> [What you are asked to do]
From the first line to the last, set down the material exactly, leaving out its pictures.

> [Given information]
= = = = = = =

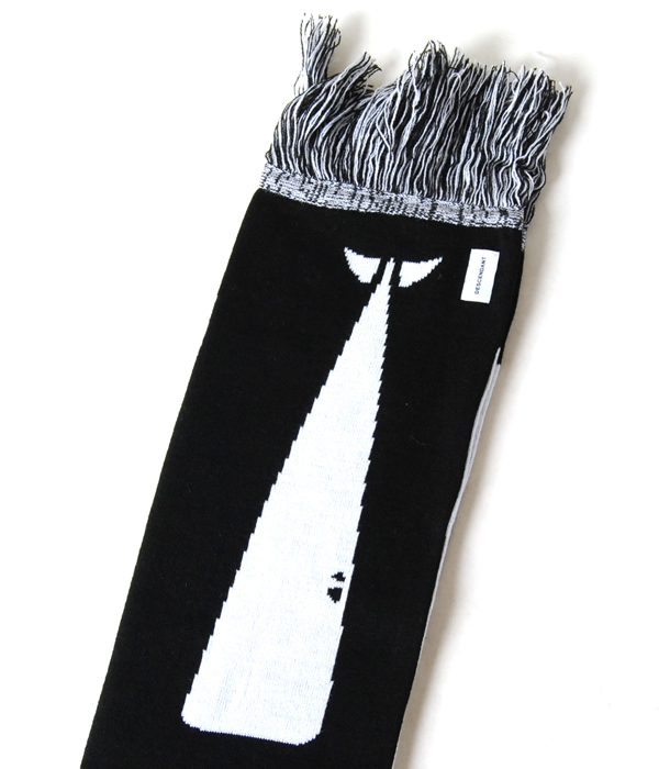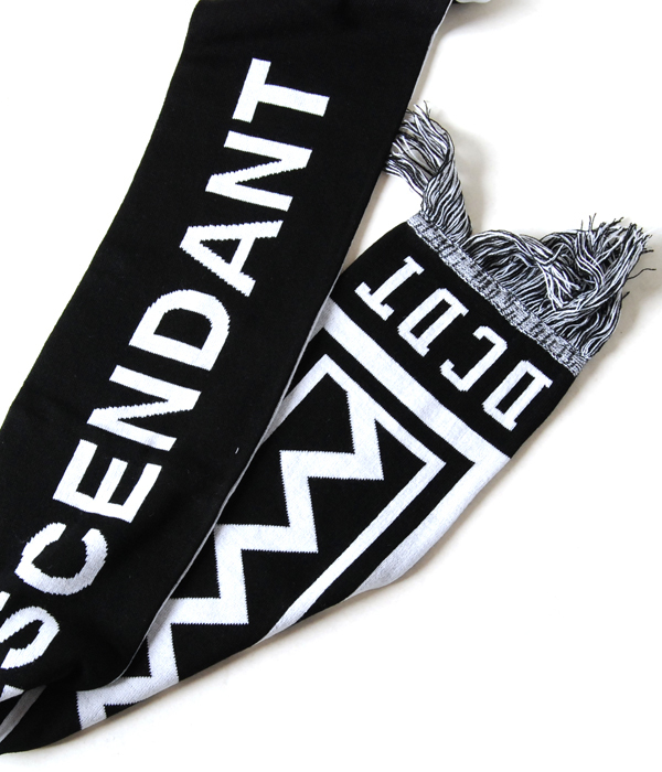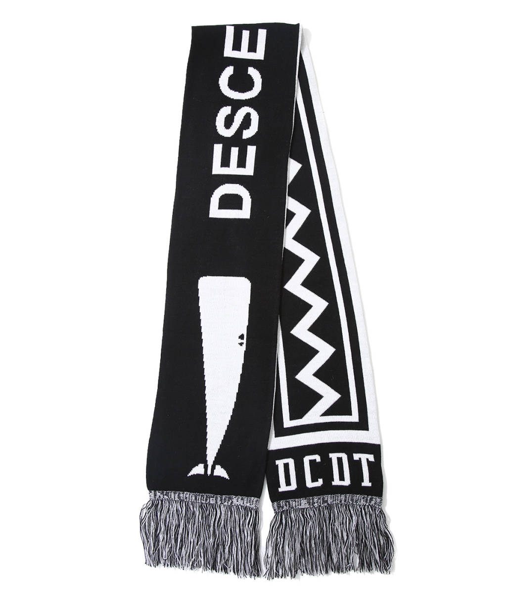 ジグザグの幾何学模様の裏面に、DESCENDANTとクジラのロゴを編み込んだジャカード仕立てのフリンジ付きマフラー。
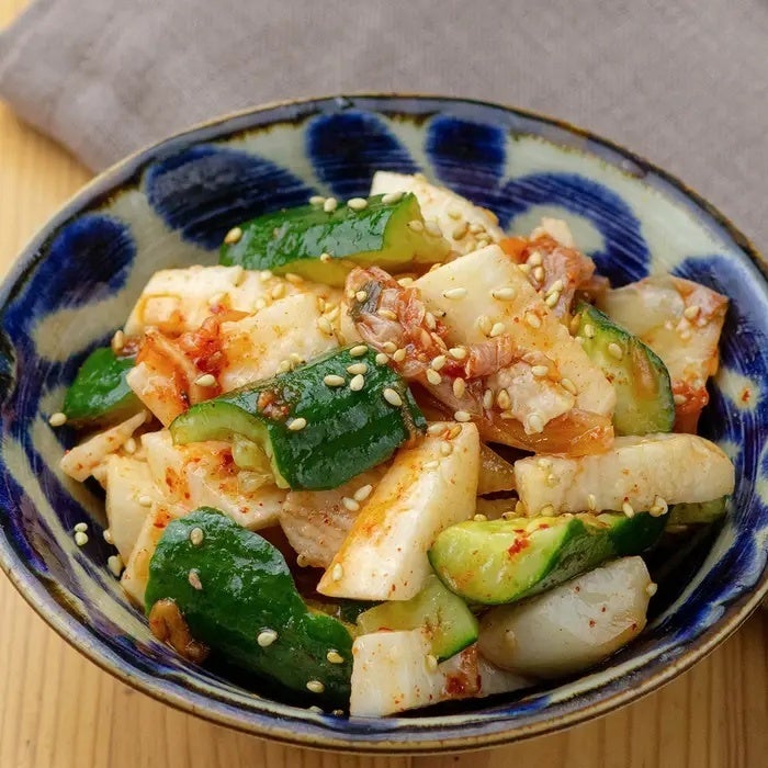 きゅうりと長芋があったらコレ!箸休めやおつまみにぴったりな「きゅうりと長芋のキムチ和え」のレシピを紹介します♪切って和えるだけだからとっても簡単!キムチ風味のピリ辛仕立てで一口食べたら箸が止まりませんよ♪
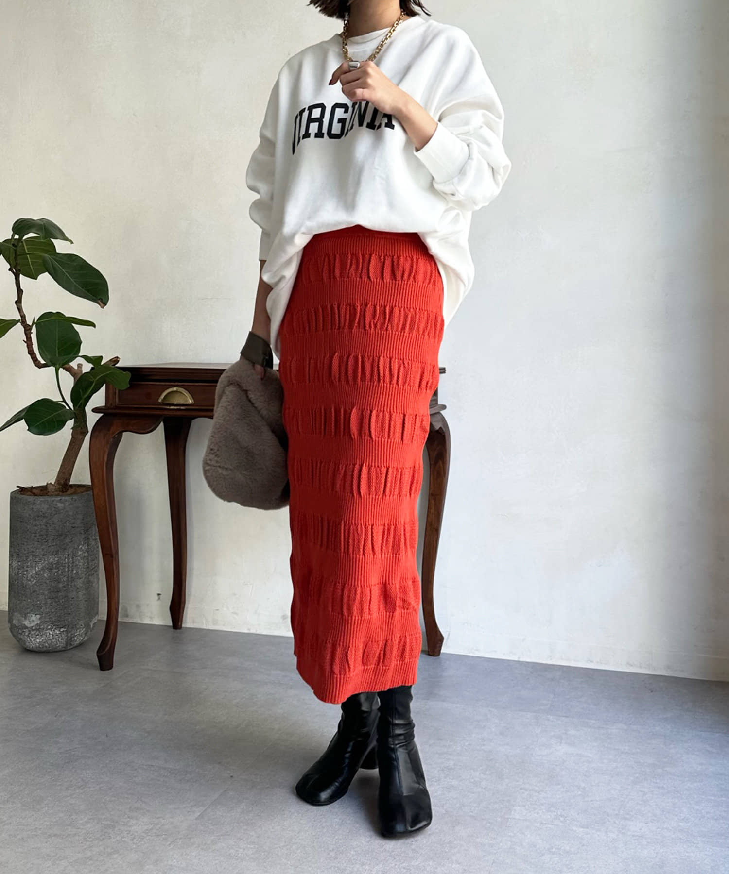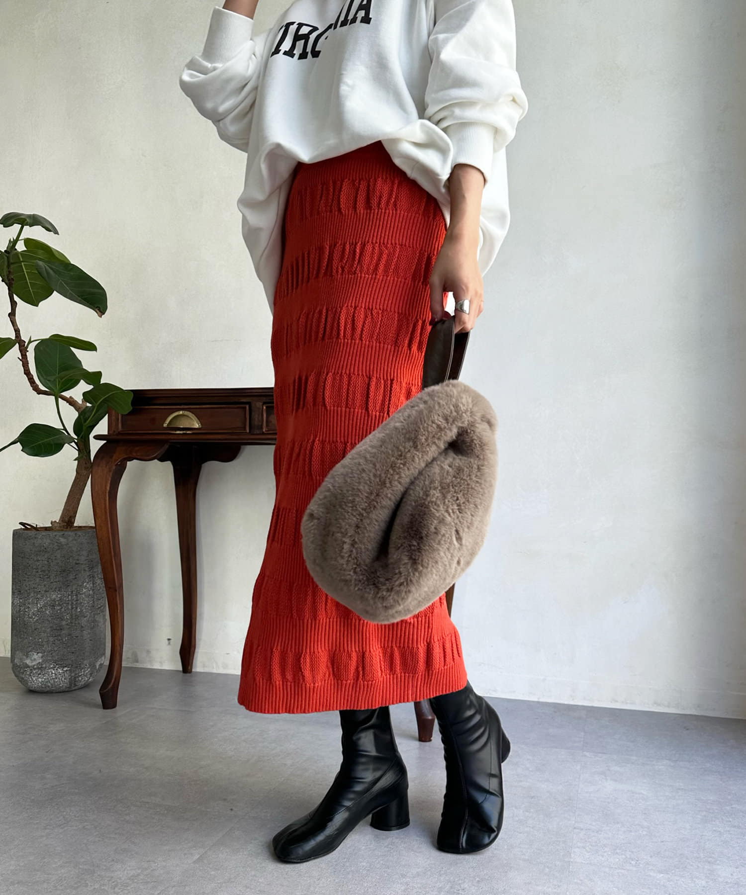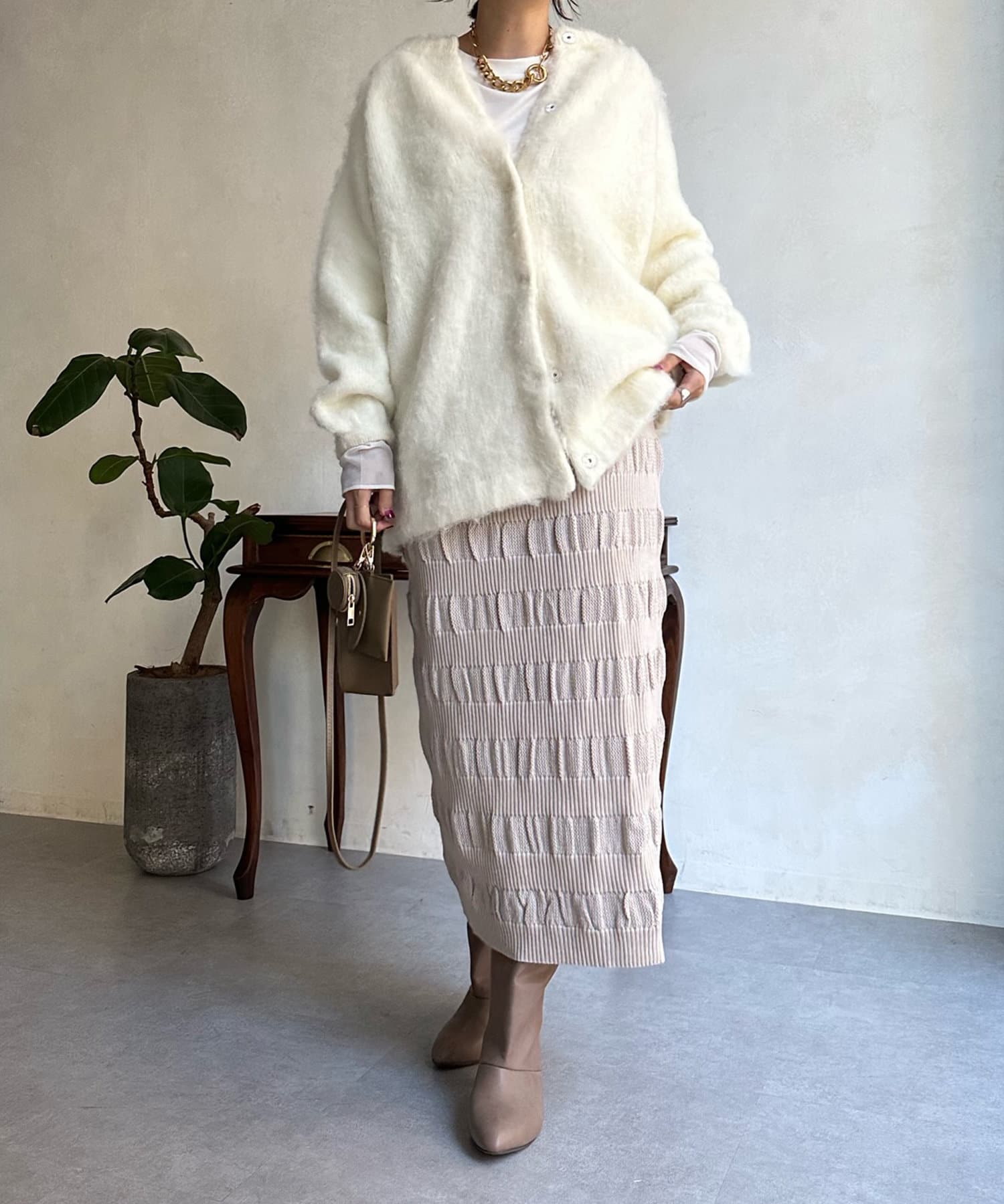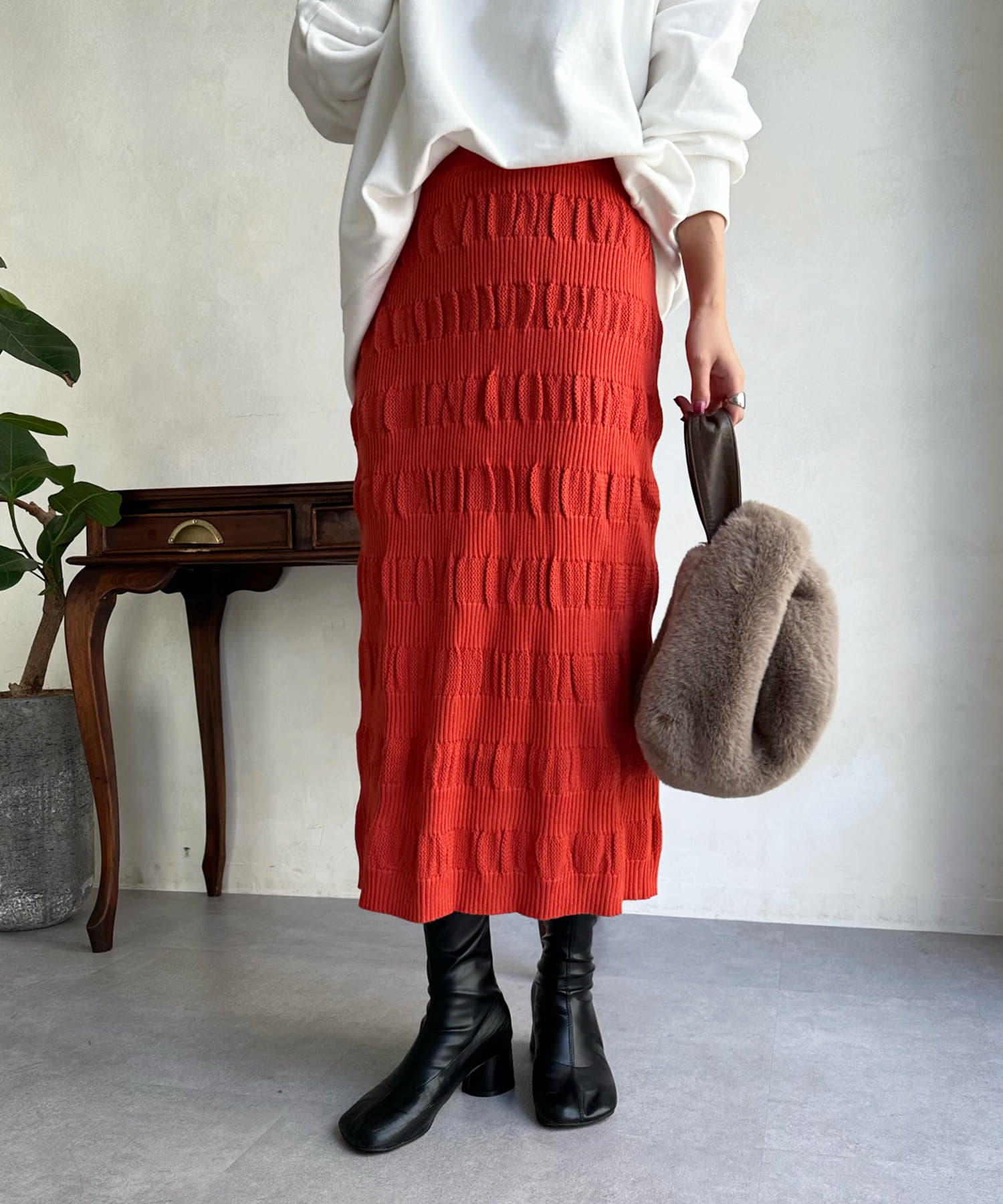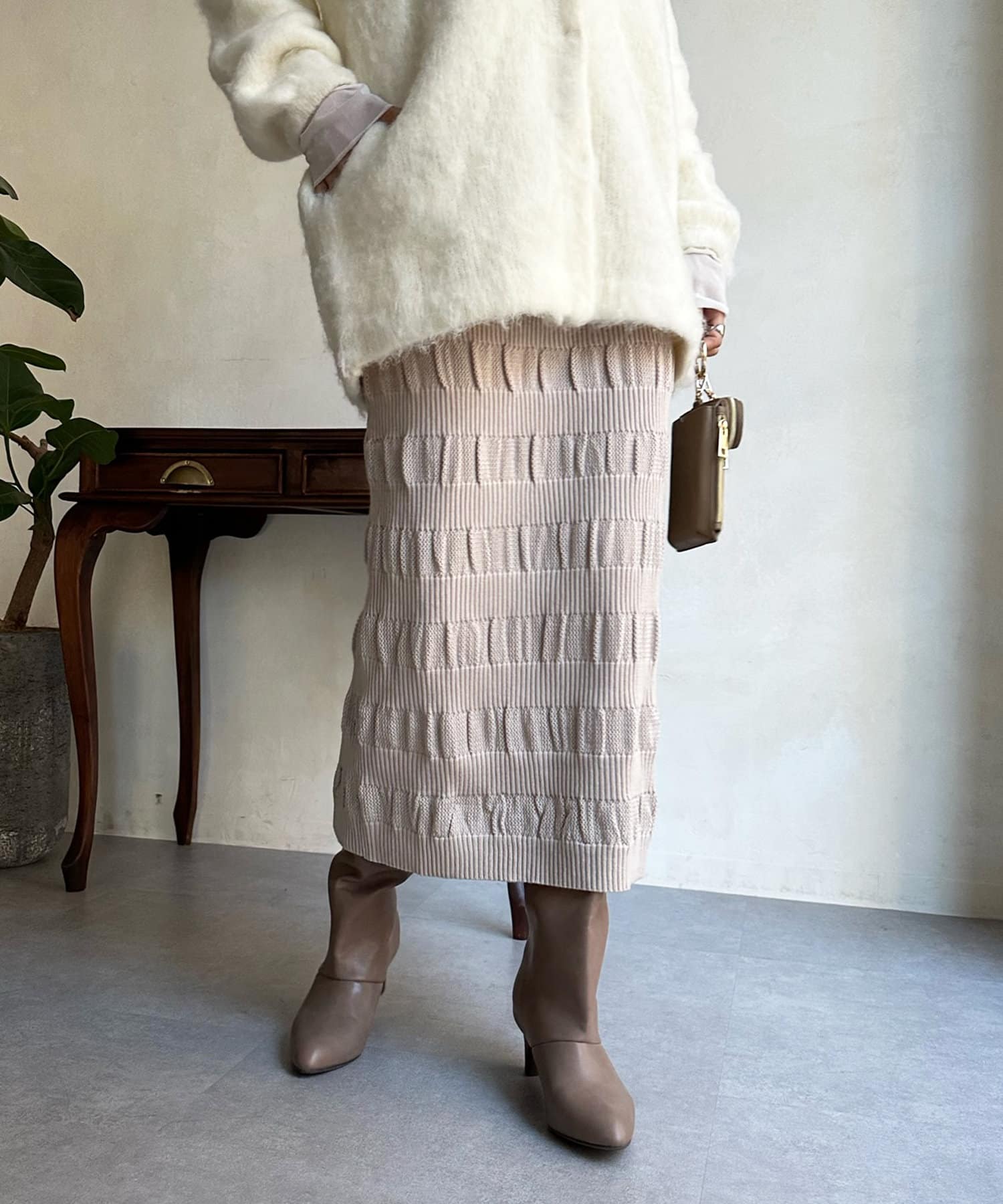 表情あるメッシュ編みがサマ見えするタイトスカート
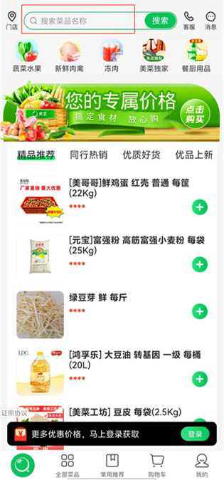 2、隨后用戶可以在上方的搜索框內(nèi)進(jìn)行所需購買菜類名稱的填寫;

= = = = = = =

> [Response]
 ジグザグの幾何学模様の裏面に、DESCENDANTとクジラのロゴを編み込んだジャカード仕立てのフリンジ付きマフラー。
 きゅうりと長芋があったらコレ!箸休めやおつまみにぴったりな「きゅうりと長芋のキムチ和え」のレシピを紹介します♪切って和えるだけだからとっても簡単!キムチ風味のピリ辛仕立てで一口食べたら箸が止まりませんよ♪
 表情あるメッシュ編みがサマ見えするタイトスカート
 2、隨后用戶可以在上方的搜索框內(nèi)進(jìn)行所需購買菜類名稱的填寫;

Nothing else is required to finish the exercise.